Vistos los preceptos legales y demás de pertinente y general aplicación
Fallo
Desestimamos el recurso de suplicación interpuesto por INSTITUTO NACIONAL DE LA SEGURIDAD SOCIAL contra la Sentencia 000432/2021 de 9 de septiembre de 2021 dictada por el Juzgado de lo Social Nº 1 de Las Palmas de Gran Canaria sobre Prestaciones, la cual confirmamos íntegramente. Sin costas.
Devuélvanse los autos originales al Juzgado de lo Social Nº 1 de Las Palmas de Gran Canaria, con testimonio de la presente una vez notificada y firme a las partes.
ADVERTENCIAS LEGALES
Contra esta sentencia cabe Recurso de Casación para Unificación de doctrina, que se preparará por las partes o el Ministerio Fiscal por escrito ante esta Sala de lo Social dentro de los DIEZ DÍAS siguientes a la notificación de la sentencia de acuerdo con lo dispuesto en los artículos 220 y 221 de la Ley 36/2011 de 11 de Octubre, Reguladora de la Jurisdicción Social.
Para su admisión será indispensable que todo recurrente que no tenga la condición de trabajador o causahabiente suyo, o beneficiario del régimen público de la Seguridad Social, y no goce del beneficio de justicia gratuita efectúe, dentro del plazo de preparación del recurso, el depósito de 600 € previsto en el artículo 229, con las excepciones previstas en el párrafo 4º, así como así como el importe de la condena, dentro del mismo plazo, según lo previsto en el artículo 230, presentando los correspondientes resguardos acreditativos de haberse ingresado en el BANCO DE SANTANDER c/c ?Las Palmas nº 3537/0000/66/ el nº de expediente compuesto por cuatro dígitos, y los dos últimos dígitos del año al que corresponde el expediente pudiéndose sustituir dicha consignación en metálico por el aseguramiento mediante aval bancario en el que se hará constar la responsabilidad solidaria del avalista, y que habrá de aportarse en el mismo plazo.
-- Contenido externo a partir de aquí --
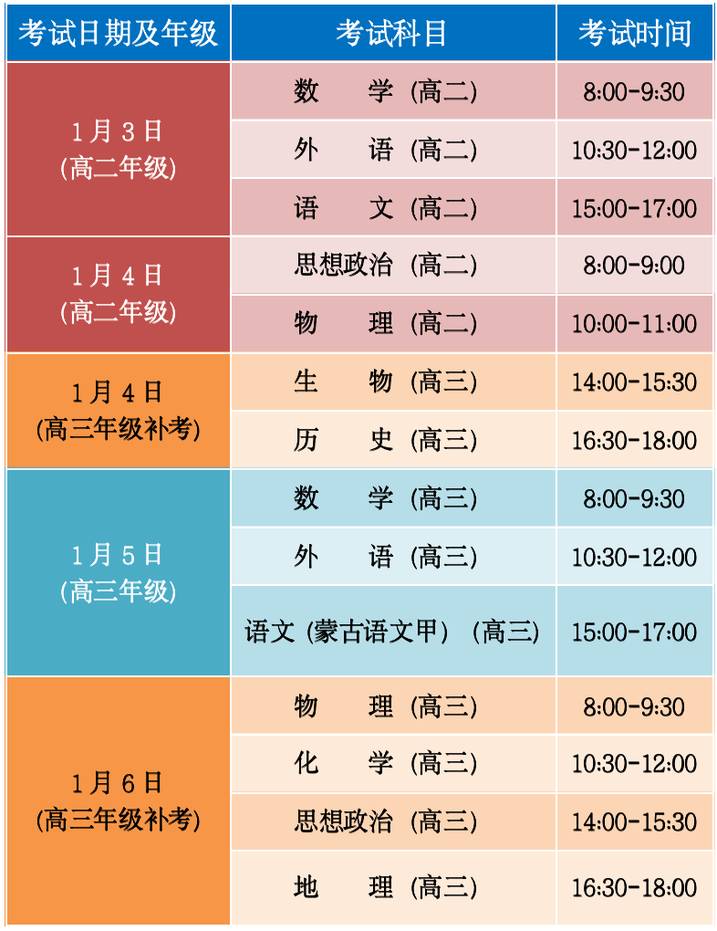 高二年级开考语文、数学、外语、物理、思想政治5个科目,高三年级开考语文、数学、外语3个科目。高三年级考生,如已考生物、历史、地理、物理、

Si la condena consistiere en constituir el capital-coste de una pensión de Seguridad Social, el ingreso de éste habrá de hacerlo en la Tesorería General de la Seguridad Social.
Para el supuesto de ingreso por transferencia bancaria, deberá realizarse la misma al siguiente número de cuenta:
IBAN ES55 0049 3569 9200 0500 1274
Consignándose en el campo Beneficiario la Cuenta de la Sala y en Observaciones o Concepto de la Transferencia los 16 dígitos que corresponden al procedimiento.
Notifíquese la Sentencia a la Fiscalía de este Tribunal y líbrese testimonio para su unión al rollo de su razón, incorporándose original al Libro de Sentencias.
Así por esta nuestra Sentencia, lo pronunciamos, mandamos y firmamos.